Wind turbine companies, officers and employees, however, are immune from prosecution, fines or imprisonment, regardless of how many rare, threatened, endangered or migratory birds and bats they kill. In fact, FWS data show that wind turbines slaughter some 400,000 birds every year. If “helter-skelter” applies to any energy source, it is wind turbines, reflecting their Charles Manson effect on birds.

The hypocritical Obama-Purdon-FWS policy certainly protects, promotes and advances an anti-hydrocarbon, catastrophic global warming agenda that is increasingly at odds with environmental, scientific, economic, job-creation and public opinion reality. It also safeguards wind turbines that survive solely because of government mandates, taxpayer subsidies … and exemptions from laws that penalize and terrorize the rest of us.

It may be true that housecats and reflective windows kill more songbirds than turbines do. However, that oft-cited defense of wind energy Cuisinarts is irrelevant to the birds and bats discussed here.

Even if avian radar and turbine shutdown systems do eventually work, and can actually and abruptly stop turbine blades before they butcher an approaching bird, should they be limited to condors? Shouldn’t they be required for eagles and falcons — and for hawks, ducks, flycatchers, bats and other protected species? Geese, for example, to prevent a repeat of the December 7, 2011 massacre of numerous snow geese by wind turbines along upstate New York Route 190, as reported by a motorist?

Why aren’t wind developers and permitting authorities required to consider the lost economic benefits of butchered birds and bats, which do so much to control rats and insects that carry diseases and destroy crops? Shouldn’t that analysis be made mandatory, as more wind projects are proposed, thereby posing an ever-increasing threat to numerous species — and even to the survival of some?

Of course, even condor protection alone could reduce affected turbine electricity output to 20 or even 10 percent of rated capacity, instead of their current 30 percent average. Adding other protected species would drive nearly all actual wind turbine electricity output down below 5 percent — making the turbines virtually worthless, and driving the exorbitant cost of wind energy even higher.

But why should wind turbines be above the law? In fact, why should we even worry about reducing their electricity output?

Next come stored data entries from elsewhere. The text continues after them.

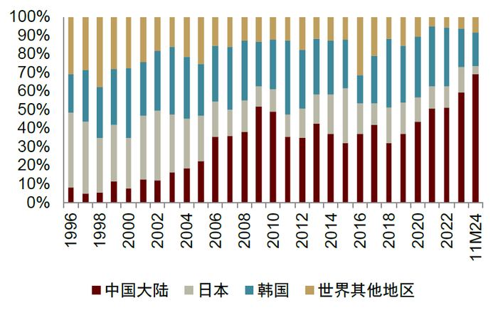 图表26:中日韩高端船型在手订单占比(截至2024年11月)
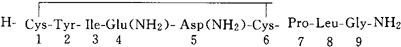 C43H66N12O12S2=1007.19 CAS-50-56-6 L-半胱氨酰-L-酪氨酰-L-异亮氨酰-L-谷氨酰胺酰-L-天冬酰胺酰-L-半胱氨酰-L-脯氨酰-L-亮氨酰甘氨酰胺环(1→6)二硫化物。 L-Cysteinyl-L-tyrosyl-L-isoleeucyl-L-glutaminyl-Lasparaginyl-L-cysteinyl-L-prolyl-L-leucylglycinamidecyclic(1→6)disulfide. 子宫收缩药,催产药。用于引产催产及各种原因的子宫出血。 催产素,合成催产素。 Oxytocin,Pitocin,Syntocinon,Uteracon,Partocon,Synpitan. 缩宫素注射液。 INN,BAN,BP,EP,IP,JP,USAN,MI.  |
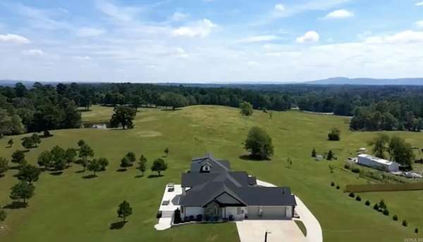 Dual-Home Private Estate on 6.8 Acres! Just 10 minutes from town, this rare property includes two full homes totaling 6 beds, 5.5 baths, and 5,311 sq ft. The main 3,349 sq ft residence features an open floor plan, 3-car garage, office, and 3 ensuite bedrooms. The primary suite includes a soaking tub, oversized walk-in shower, and a large closet that doubles as a reinforced storm shelter. The chef's kitchen has a double oven, high-end appliances, a large island with quartz waterfall countertops, and abundant counter space with custom cabinets. Expansive laundry room with extra storage, family room with 18-foot cathedral ceilings and rustic wood beams, and a private elegant office with 12-foot ceilings and built-in shelving. The 1,962 sq ft guest home offers private parking and entrance, 3 beds, 2 baths, laundry, and a spacious loft with stunning Ouachita Mountain views--perfect for an office, library, or playroom. Outdoor amenities include a shared 1,200 sq ft concrete patio, a 370 sq ft workshop/shed, a 10x10 chicken coop with 16 nesting boxes, and a fully fenced 10x20 chicken run. This private retreat is ideal for luxury, multigenerational living!
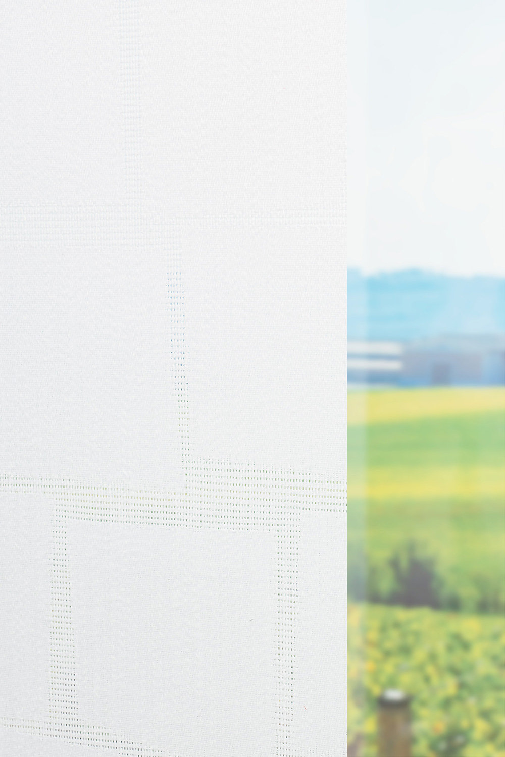 Mit diesem Flächenvorhang lassen sich unterschiedliche Dekorationsideen umsetzen. Durch das grafische Design in klassischen Farben haben Sie die Wahl, ob Sie Ihr Fenster mit einem Hingucker in einem ausdrucksstarken Ton oder einem stilvollen Fensterschmuck in einer leisen Nuance schmücken möchten. Das durchgängige Musterauf dem strukturierten Stoff erinnert ein bisschen an leicht versetzt aufeinander geschichtete Ziegelsteine. Dieser vielseitige Fensterbehang kann nicht nur Ihrem Wohnraum ein reizvolles Ambiente verleihen, er ist durch seine Feuchtraumeignung in Bad und Küche einsetzbar, schwer entflammbar und durch das Abwischen mit einem feuchten Tuch auch leicht zu reinigen. Dem transparenten Vorhang gelingt es, die Sonnenstrahlen von aussen etwas milder wirken zu lassen und dabei den Raum in eine freundliche und einladende Atmosphäre zu tauchen. Dabei kann er am Bildschirmarbeitsplatz als Blendschutz dienen und das Arbeiten am PC entspannter gestalten.
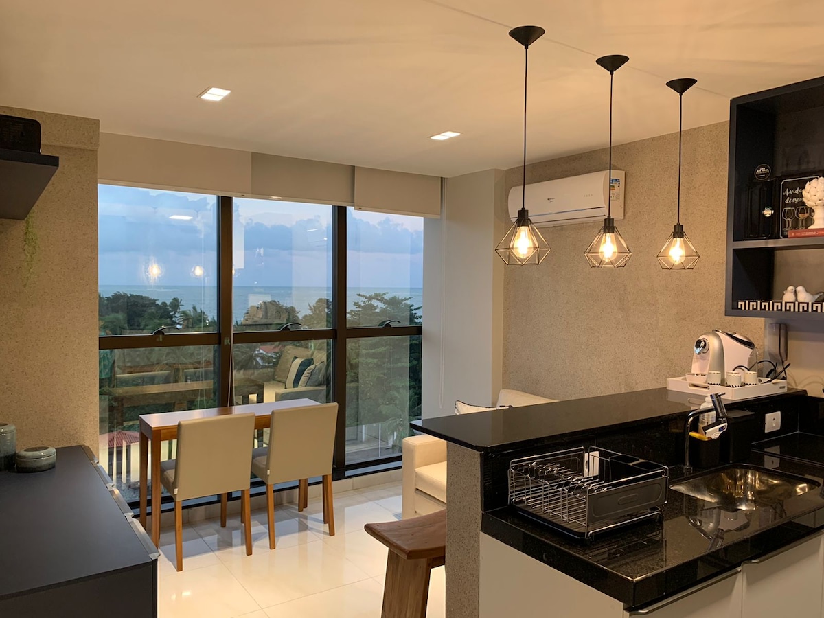 Wohnung im Condominium Resort direkt am Strand Paraíso do Atlântico, mit Pools für die Familie, Sauna, Whirlpool, Fitnessraum usw. im paradiesischen Ponta de Campina, João Pessoa. Der Strand ist ruhig und hat sauberes, blau-grünes Meer, perfekt, um den Tag zu verbringen, und nur wenige Autominuten von unzähligen Sehenswürdigkeiten und Annehmlichkeiten der Hauptstadt entfernt. Die Wohnung verfügt über 2 klimatisierte Schlafzimmer, davon 1 Queen-Suite, geräumig und luftig, mit aufgehendem Balkon mit Meerblick, kompletter amerikanischer Küche und wurde liebevoll eingerichtet ❤
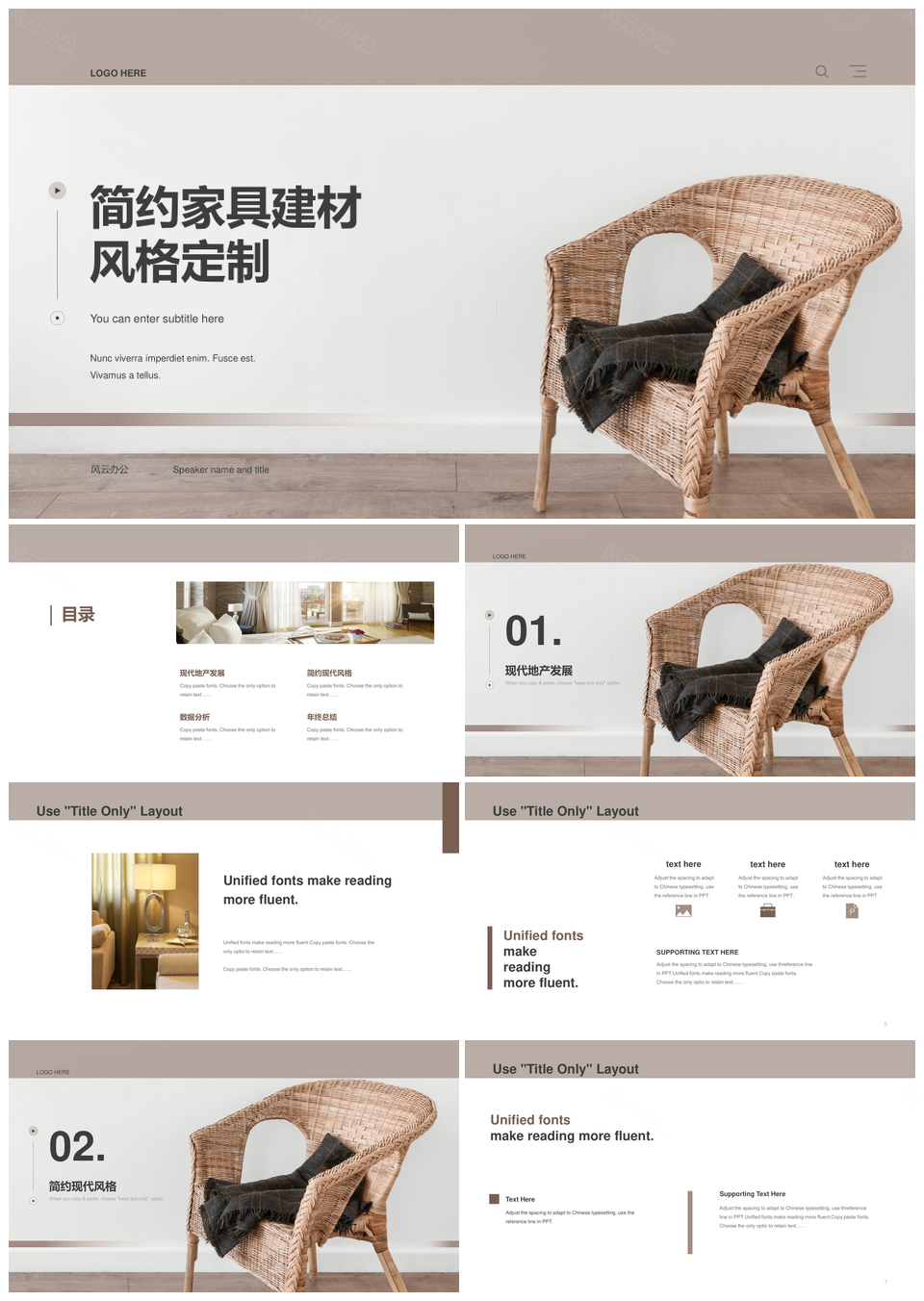 风云办公提供的灰色北欧家具商务简约大地色PPT模板,下载格式为pptx,一共15页,作品中文字及图均可以修改和编辑,图片更改请在作品中右键图片并更换,文字修改请直接点击文字进行修改。

America’s environmentalists, legislators, judges and bureaucrats have already made hundreds of millions of acres of resource-rich land off limits — and rendered centuries of oil, gas, coal, uranium, geothermal and other energy unavailable. The Environmental Protection Agency’s anti-coal zero-pollution rules, intense opposition to the Keystone pipeline, and looming restrictions on hydraulic fracturing for natural gas are already further impairing electricity and other energy availability and reliability.

This government-imposed energy deprivation is already driving families into energy poverty and sending more jobs overseas.

Put bluntly, wind energy is unsustainable. It kills unconscionable numbers of bats, raptors and other birds. It requires billions in perpetual subsidies — and billions more for (mostly) gas-fired backup generators. It impacts millions of acres of scenic, wildlife and agricultural land — and depends on vast amounts of raw materials, whose extraction and processing further impairs global land, air and water quality. Its expensive, unreliable electricity kills two jobs for every one supposedly created.

A far more rational public policy would cut out the costly, unreliable middleman. It would forget about wind turbines, simply build more gas, coal and nuclear generators, to generate reliable, affordable, sustainable electricity — and apply the same laws fairly and equitably to all energy sources.

Paul Driessen is senior policy advisor for the Committee For A Constructive Tomorrow and author of Eco-Imperialism: Green power – Black death.